> _Task brief_: Take the records below and set down exactly the lines from the one with "Hearts, Harry Potter, Dancing" to the one with "LINDSAY LEBLANC, RN, oil", ends included; do not copy the pictures.

> _Data for review_:
****************
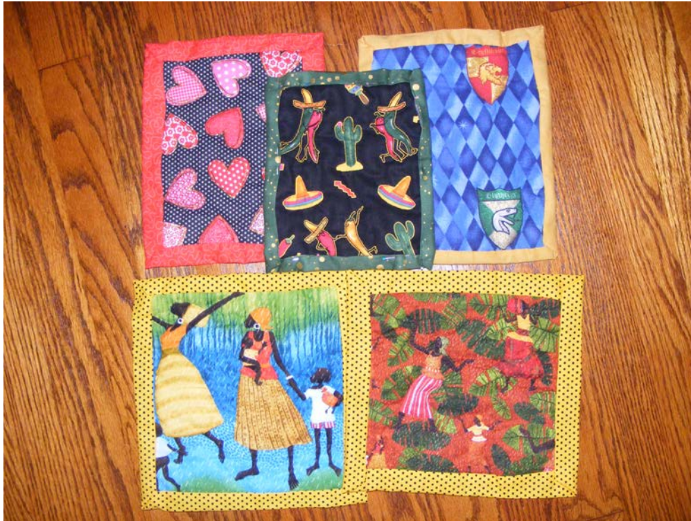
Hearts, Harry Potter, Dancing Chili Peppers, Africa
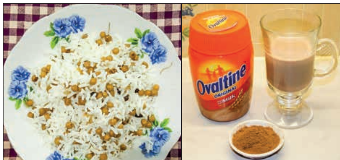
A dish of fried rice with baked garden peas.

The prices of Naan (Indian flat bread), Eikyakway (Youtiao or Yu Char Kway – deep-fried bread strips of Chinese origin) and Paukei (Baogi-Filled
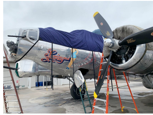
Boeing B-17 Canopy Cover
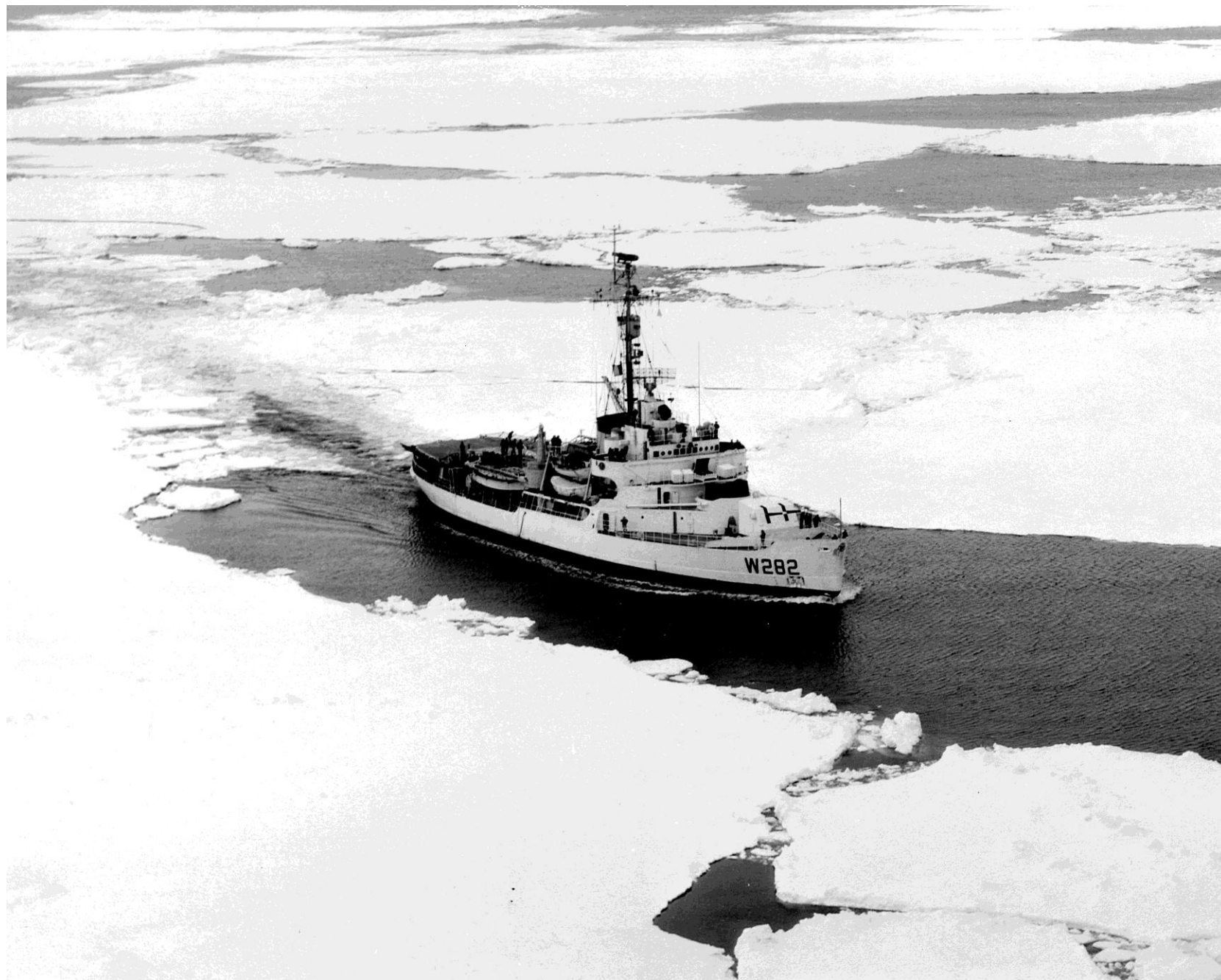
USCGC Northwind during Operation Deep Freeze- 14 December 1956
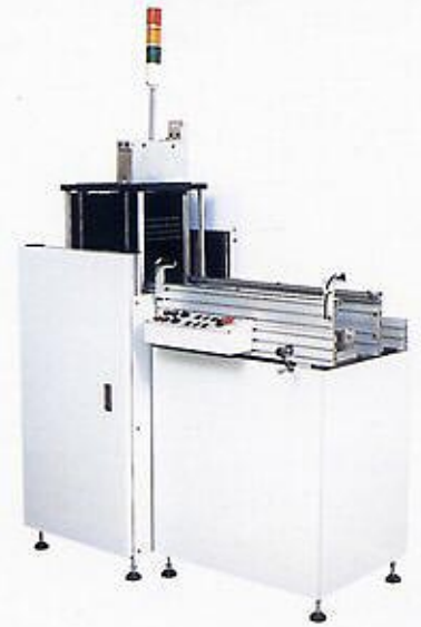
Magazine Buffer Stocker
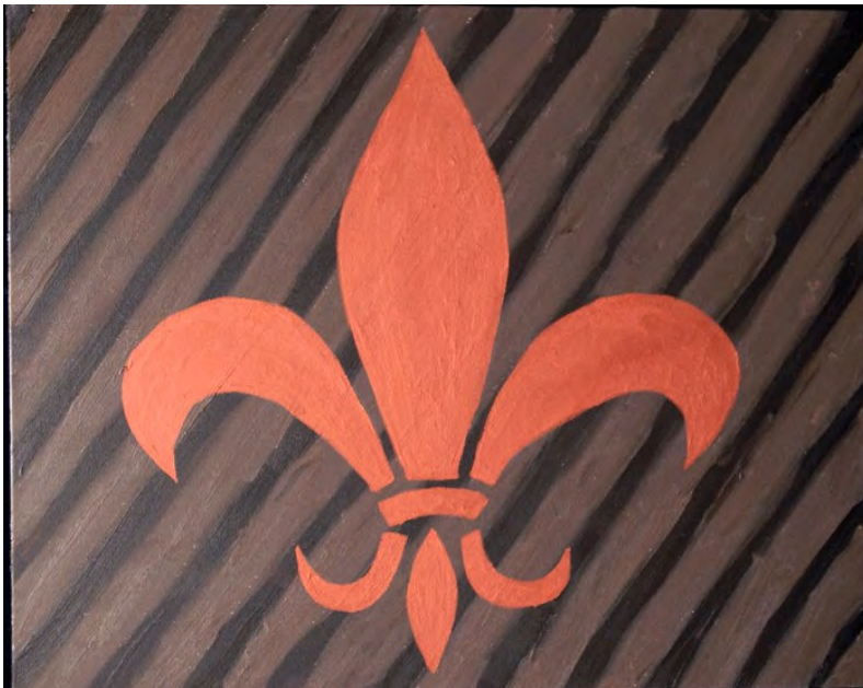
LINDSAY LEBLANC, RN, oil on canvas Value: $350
****************
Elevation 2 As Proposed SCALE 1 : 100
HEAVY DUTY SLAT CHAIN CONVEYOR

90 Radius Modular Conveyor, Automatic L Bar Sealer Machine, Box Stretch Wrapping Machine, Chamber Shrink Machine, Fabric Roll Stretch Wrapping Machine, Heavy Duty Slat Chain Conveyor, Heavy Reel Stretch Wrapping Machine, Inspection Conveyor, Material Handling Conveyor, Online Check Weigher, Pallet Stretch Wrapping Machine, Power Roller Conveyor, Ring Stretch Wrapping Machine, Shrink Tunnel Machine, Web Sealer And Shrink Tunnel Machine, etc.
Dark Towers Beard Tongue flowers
****************
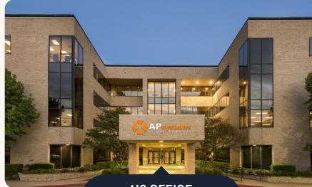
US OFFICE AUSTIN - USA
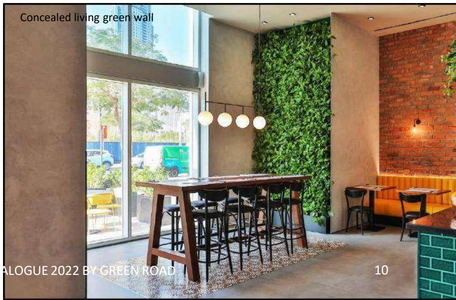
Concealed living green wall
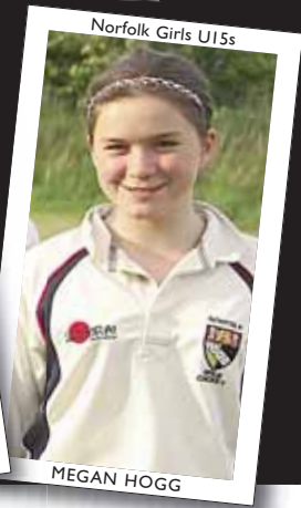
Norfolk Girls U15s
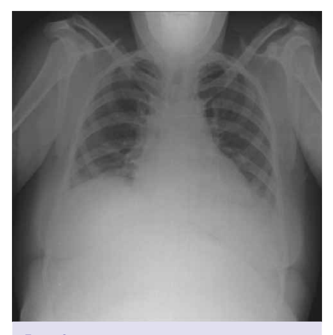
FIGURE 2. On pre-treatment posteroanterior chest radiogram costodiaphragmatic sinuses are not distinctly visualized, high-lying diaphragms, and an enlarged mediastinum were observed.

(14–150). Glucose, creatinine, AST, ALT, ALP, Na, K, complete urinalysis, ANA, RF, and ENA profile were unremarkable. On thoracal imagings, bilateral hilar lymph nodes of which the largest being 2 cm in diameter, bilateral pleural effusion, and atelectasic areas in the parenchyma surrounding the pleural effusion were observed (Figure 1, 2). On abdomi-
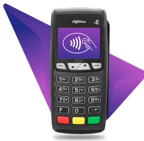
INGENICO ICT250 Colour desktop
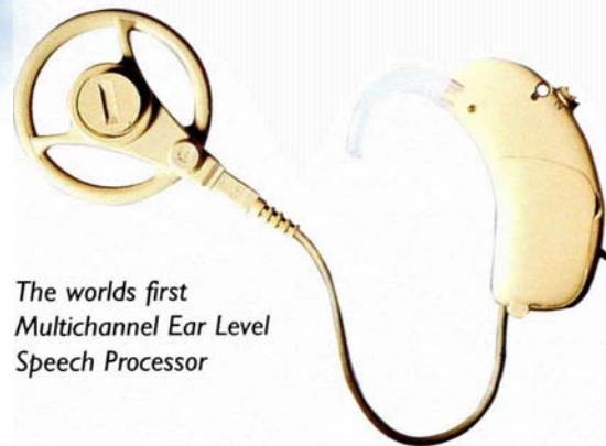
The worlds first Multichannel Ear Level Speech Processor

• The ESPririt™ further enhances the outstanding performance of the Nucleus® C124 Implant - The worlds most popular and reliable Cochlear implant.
****************
> _Expected output_:
Hearts, Harry Potter, Dancing Chili Peppers, Africa
A dish of fried rice with baked garden peas.

The prices of Naan (Indian flat bread), Eikyakway (Youtiao or Yu Char Kway – deep-fried bread strips of Chinese origin) and Paukei (Baogi-Filled
Boeing B-17 Canopy Cover
USCGC Northwind during Operation Deep Freeze- 14 December 1956
Magazine Buffer Stocker
LINDSAY LEBLANC, RN, oil on canvas Value: $350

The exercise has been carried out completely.